This document provides background information and summarizes the debate over Cuba sanctions reform. The links to the left will lead you to public documents that we have found.
Since it came
to power in the late 1950s the Castro government in Cuba has been an irritant
to the United States. The communist regime quickly became a client state of
the Soviet Union, embarrassing the United States and raising the specter of
military confrontation.

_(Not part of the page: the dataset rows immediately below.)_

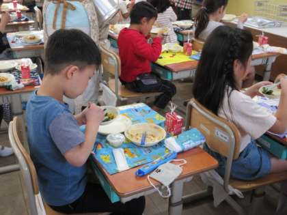 モリモリ食べる子どもたち。「すごくおいしい!」という声があちらこちらから聞こえてきました。何回も何回もお代わりをする子がたくさんいて、教室の食管はあっという間に空っぽになりました。楽しく食べられたようです。よかったです。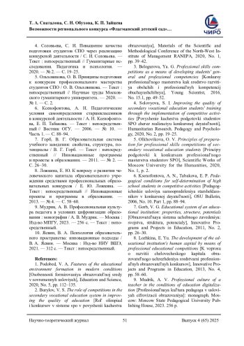 3. Белогурова, Я. Г. Конкурсы профессионального мастерства как средство развития общих и профессиональных компетенций обучающихся / Я. Г. Белогурова. - Текст : непосредственный // Молодой ученый. - 2016. - № 15.1. - С. 49-52.
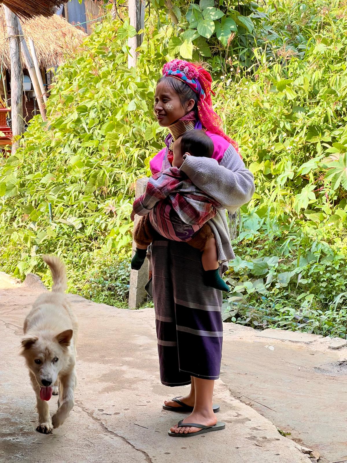 Pitkäkaulaisten naisten kylässä ei ollut muita turisteja meidän lisäksi, joten ehdimme oikeasti tutustua heihin. Rajoitetulla kielellä selvisi, että heimon uusin jäsen, vastasyntynyt vauva oli 12 päivää vanha!!!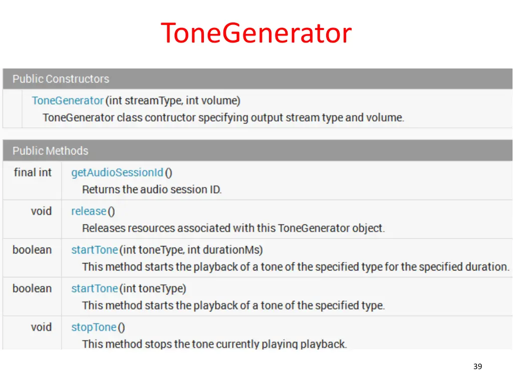 Other Sources of Sound AudioTrack http://developer.android.com/reference/android/media/AudioTrack.html low level API for handling audio streams in formats MediaPlayer cannot handle ToneGenerator http://developer.android.com/reference/android/media/ToneGenerator.html Traditional phone tones Dual-Tone Multi-Frequency (DTMF) Just to make sounds, not send tones over phone network 38
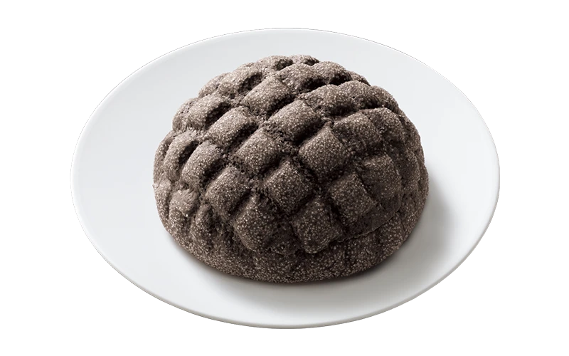 ココア入りヘーゼルナッツ風味ビスケット生地のメロンパンに、ヘーゼルナッツホイップとヘーゼルナッツチョコクリームをサンドしました。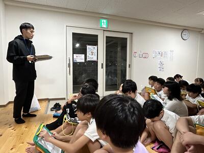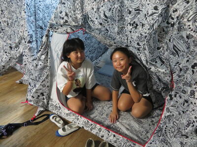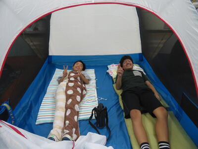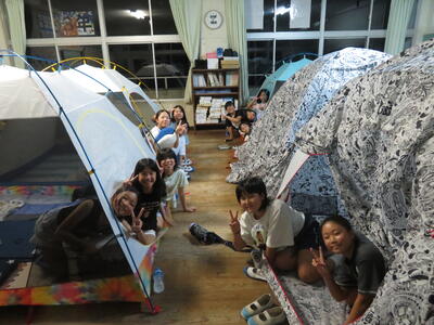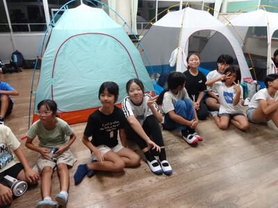 7月26日~27日、6年生が保護者や先生方のご協力により校内でキャンプを行いました。カレーを作って、きもだめしを校内で行い、保護者の方々が借りてきてくださったテントに宿泊。運動場での宿泊を急遽取りやめ教室でテントを張り寝ました。小学校の思い出作りがまたできましたね。保護者の皆様、ありがとうございました。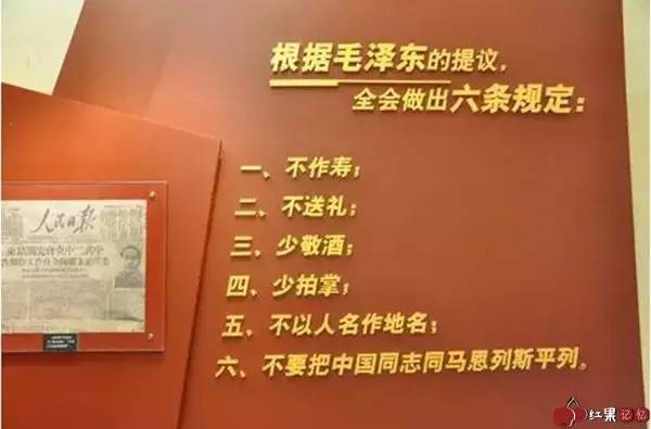 在西柏坡纪念馆内,有这样一块展板,上面写着“根据毛泽东的提议,全会作出六条规定:一、不做寿;二、不送礼;三、少敬酒;四、少拍掌;五、不以人名作地名;六、不要把中国同志同马恩列斯平列。”这是当年对中国共产党人定下的规矩。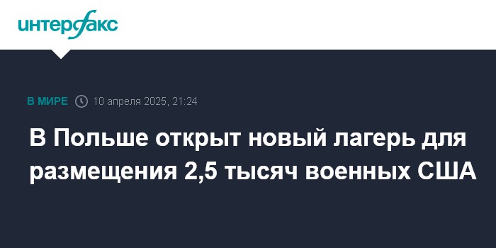 Москва. 10 апреля. INTERFAX.RU - В Польше ввели в эксплуатацию новый лагерь для размещения американских военнослужащих, сообщило польское Минобороны.

The Bay of Pigs invasion by a rag-tag group of Cuban
expatriates in 1961 and the Cuban Missile Crisis in 1962 raised tensions further.
An economic embargo and diplomatic freeze have continued to define the United
States' position toward the island nation.
With the collapse
of the Soviet Union, however, the situation in Cuba changed significantly
and offered new opportunities for an improvement in relations between the
U.S. and its Caribbean neighbor. The socialist economy in Cuba has never prospered
but before it disintegrated, the Soviet Union subsidized its client state.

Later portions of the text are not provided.